筆者が木工を趣味として始めた頃手にしたのが「木に学べ」です。
ちょうど米国留学を終え、帰国して副牧師になった頃でした。
自分のキャリア設計のようなことを考え始めていた頃でしたので、この本からは大いに学びました。
読了しての印象は、「何の分野であれ、その道を窮めた人の言う事は傾聴に値する。他の分野に通じる含蓄のある言葉だ。」と言うものでした。
大工は単に木の種類を知っているだけでは十分ではない。

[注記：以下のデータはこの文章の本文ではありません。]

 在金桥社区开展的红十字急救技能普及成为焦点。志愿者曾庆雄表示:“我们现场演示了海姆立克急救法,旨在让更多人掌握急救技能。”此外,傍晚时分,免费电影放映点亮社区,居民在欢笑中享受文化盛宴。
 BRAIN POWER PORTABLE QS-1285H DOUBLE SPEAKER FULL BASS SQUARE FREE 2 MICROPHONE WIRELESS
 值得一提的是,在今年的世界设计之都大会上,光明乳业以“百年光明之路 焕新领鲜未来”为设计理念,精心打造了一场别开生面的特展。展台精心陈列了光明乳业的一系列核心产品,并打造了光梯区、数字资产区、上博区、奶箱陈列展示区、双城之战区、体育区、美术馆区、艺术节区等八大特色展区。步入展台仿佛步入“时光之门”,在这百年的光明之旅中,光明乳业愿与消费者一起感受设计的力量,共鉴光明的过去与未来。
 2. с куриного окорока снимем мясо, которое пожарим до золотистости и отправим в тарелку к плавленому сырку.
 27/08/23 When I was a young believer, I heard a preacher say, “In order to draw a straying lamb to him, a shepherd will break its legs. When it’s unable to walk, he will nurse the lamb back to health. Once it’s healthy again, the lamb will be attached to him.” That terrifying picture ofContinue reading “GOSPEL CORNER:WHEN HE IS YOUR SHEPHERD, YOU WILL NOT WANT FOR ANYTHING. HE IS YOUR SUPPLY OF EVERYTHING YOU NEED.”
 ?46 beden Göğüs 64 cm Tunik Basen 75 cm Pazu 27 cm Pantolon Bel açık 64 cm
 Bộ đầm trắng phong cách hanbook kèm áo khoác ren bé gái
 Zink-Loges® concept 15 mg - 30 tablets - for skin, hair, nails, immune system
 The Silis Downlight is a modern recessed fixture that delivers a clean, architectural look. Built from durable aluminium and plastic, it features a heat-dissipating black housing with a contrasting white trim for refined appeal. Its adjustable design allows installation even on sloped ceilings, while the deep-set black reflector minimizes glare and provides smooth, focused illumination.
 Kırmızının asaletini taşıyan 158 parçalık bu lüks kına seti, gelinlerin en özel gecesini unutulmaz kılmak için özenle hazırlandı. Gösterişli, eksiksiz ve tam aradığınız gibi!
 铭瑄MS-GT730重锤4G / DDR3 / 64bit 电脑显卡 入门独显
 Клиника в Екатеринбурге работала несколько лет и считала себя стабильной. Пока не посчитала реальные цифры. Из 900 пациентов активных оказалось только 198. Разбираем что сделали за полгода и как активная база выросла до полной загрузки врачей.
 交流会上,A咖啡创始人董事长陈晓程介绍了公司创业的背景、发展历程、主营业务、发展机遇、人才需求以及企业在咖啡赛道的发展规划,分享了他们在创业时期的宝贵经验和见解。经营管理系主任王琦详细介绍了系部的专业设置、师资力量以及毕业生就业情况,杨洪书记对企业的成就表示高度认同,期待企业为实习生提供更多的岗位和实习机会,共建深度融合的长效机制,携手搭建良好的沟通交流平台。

木の癖を理解するために植物学的な木の知識や、木が植生している土壌学まで視野に入れる。
例えば建物を建てる時に木を買う時は、一本一本買うのではなく、山ごと買う。なぜかと言うと東西南北に植わっている木の癖を建物の東西南北に合わせて使う(かららしい)。
(民家の話ではなく大伽藍建築のような場合の話ですが。)
木の癖を活かす、と言う考えは、同規格で大量生産される商品や、学校教育の規格化に対するアンチテーゼとして聞くことが出来る。
木は一本一本育った環境で皆違う。一律には扱えない。たとえマシーンカットで真っ直ぐに平らに切り出したとしても、次第にその木の素性は反ったり曲がったりして現れるようになる。
ならば建築の段階で、その木の素性を見極め適材適所で用いる方が理に適っている。
西岡棟梁はこのような木に対する知識を、棟梁に代々伝わる口伝から、そして古建築の解体修理を通して得たと言います。特に飛鳥時代の工人の知恵の素晴らしさを賞賛しています。それは後の時代の工人のものと比較しても決して劣らないものだと感嘆しています。
イエス様は大工をしていました。使徒パウロは天幕職人でした。新約聖書には建築の比喩が度々出てきます。そして教会もしばしば建築物に喩えられています。
牧師としても「木に学べ」は大いに共通点があるなーと思います。
ツイッターで「木に学べ」のボットもありますが、ご一読をおすすめします。